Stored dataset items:
>>>>>

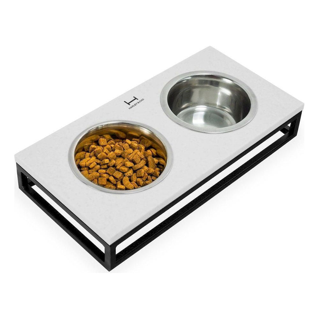 Миски на підставці Harley and Cho Lunch Bar White Stone. Колір білий камінь + чорні металеві ніжки. Миски на підставці зі стільницею з каменю - Стійкі - їх неможливо перекинути - Прості в догляді - Екологічні. Миски зроблені в Німеччині, за європейськими стандартами якості, що не містять свинцю та інших небезпечних домішок - Стильні. Гармонійно поєднуються з інтер'єрі єром кухні, коридору або вітальні Увага! Колір кам'янської яної стільниці (вкраплень в камені) може трохи відрізнятися від стільниці на фото. Все тому, що штучний камінь - лідер за кількістю відтінків і кожен новий камінь трохи відрізняється від попередніх Розміри мисок для маленьких і середніх собак чи котів: XS (28x14x5 см) Об'єм мисок: 0,2 літра S (36x18x7 см) Об'єм мисок: 0,45 літра M (42x21x10 см) Об'єм мисок: 0,75 літра. L (42x21x20 см) Об'єм мисок: 0,75 літра.
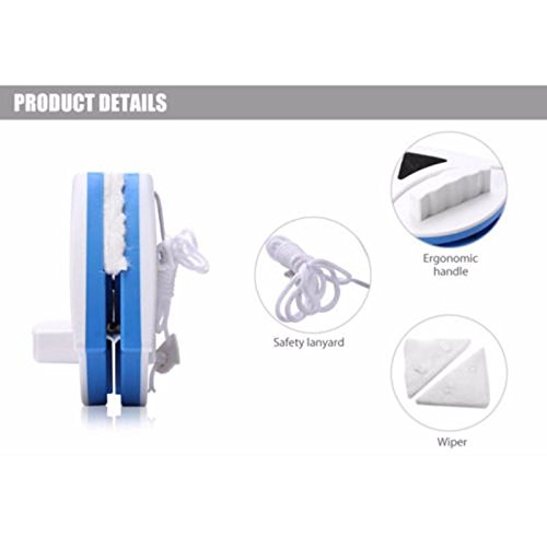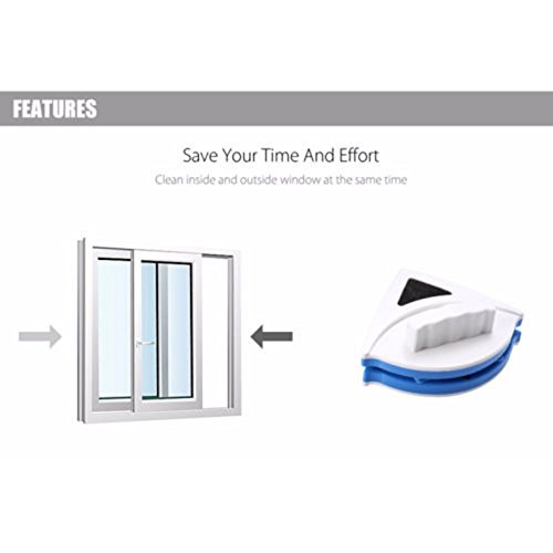 -. Feature : Strong adsorption force-Effective for double glazed windows, 3-8mm thickness. / Easy to clean-Cleans the outside of your windows,while stay in your room. / Environmentally friendly-High quality ABS material, Natural Latex, Magnet.. / Unique design-Double sided design, strong magnetic, it is very safe and convenient / Package Included:1 x Double sided glass cleaner
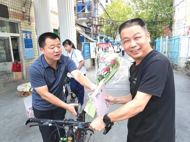 教师郑月明骑车刚进校门,副校长胡卫国就将鲜花和书籍递到她手中,“感谢感谢,收到礼物好开心!”教师苏太兵也收到了副校长黄少华送来的教师节礼物,激动地连声道谢。
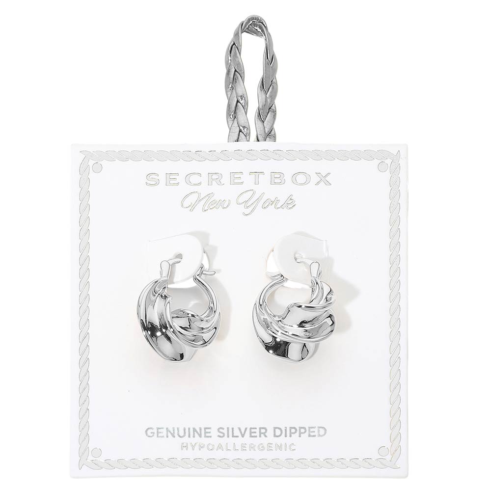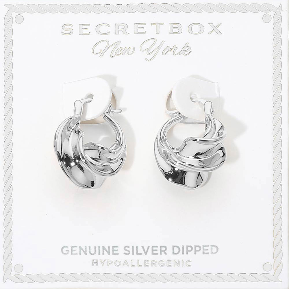 SECRET BOX_Genuine Silver Dipped Twist Pin Catch Hoop Earrings SECRET BOX_Genuine Silver Dipped Twist Pin Catch Hoop Earrings SECRET BOX_Genuine Silver Dipped Twist Pin Catch Hoop Earrings
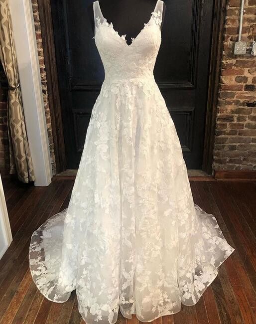 Abito Da Sposa A Line Principessa Schiena Tulle Pizzo Okmi It
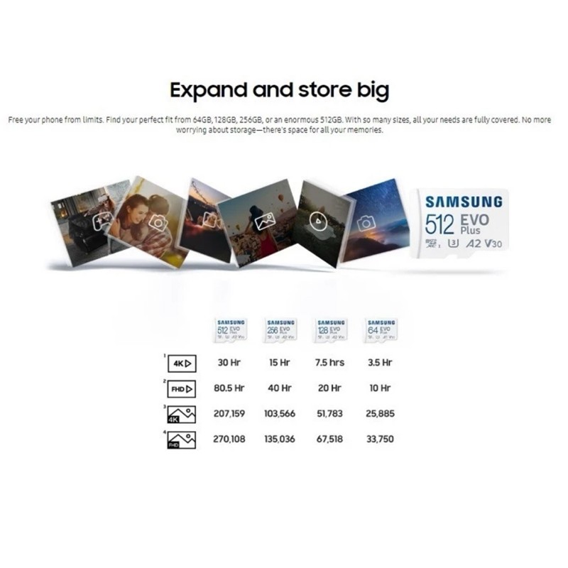 Snmsung 256GB 128GB A2 V30 Memory Card EVO Plus Micro SD Card 64GB A1 V10 High Speed UHS-I Class 10 TF Card For Camera

<<<<<

Your assignment:
In your copy of the entries above, keep the text exact and leave out the pictures.

Output of the exercise:
 Миски на підставці Harley and Cho Lunch Bar White Stone. Колір білий камінь + чорні металеві ніжки. Миски на підставці зі стільницею з каменю - Стійкі - їх неможливо перекинути - Прості в догляді - Екологічні. Миски зроблені в Німеччині, за європейськими стандартами якості, що не містять свинцю та інших небезпечних домішок - Стильні. Гармонійно поєднуються з інтер'єрі єром кухні, коридору або вітальні Увага! Колір кам'янської яної стільниці (вкраплень в камені) може трохи відрізнятися від стільниці на фото. Все тому, що штучний камінь - лідер за кількістю відтінків і кожен новий камінь трохи відрізняється від попередніх Розміри мисок для маленьких і середніх собак чи котів: XS (28x14x5 см) Об'єм мисок: 0,2 літра S (36x18x7 см) Об'єм мисок: 0,45 літра M (42x21x10 см) Об'єм мисок: 0,75 літра. L (42x21x20 см) Об'єм мисок: 0,75 літра.
 -. Feature : Strong adsorption force-Effective for double glazed windows, 3-8mm thickness. / Easy to clean-Cleans the outside of your windows,while stay in your room. / Environmentally friendly-High quality ABS material, Natural Latex, Magnet.. / Unique design-Double sided design, strong magnetic, it is very safe and convenient / Package Included:1 x Double sided glass cleaner
 教师郑月明骑车刚进校门,副校长胡卫国就将鲜花和书籍递到她手中,“感谢感谢,收到礼物好开心!”教师苏太兵也收到了副校长黄少华送来的教师节礼物,激动地连声道谢。
 SECRET BOX_Genuine Silver Dipped Twist Pin Catch Hoop Earrings SECRET BOX_Genuine Silver Dipped Twist Pin Catch Hoop Earrings SECRET BOX_Genuine Silver Dipped Twist Pin Catch Hoop Earrings
 Abito Da Sposa A Line Principessa Schiena Tulle Pizzo Okmi It
 Snmsung 256GB 128GB A2 V30 Memory Card EVO Plus Micro SD Card 64GB A1 V10 High Speed UHS-I Class 10 TF Card For Camera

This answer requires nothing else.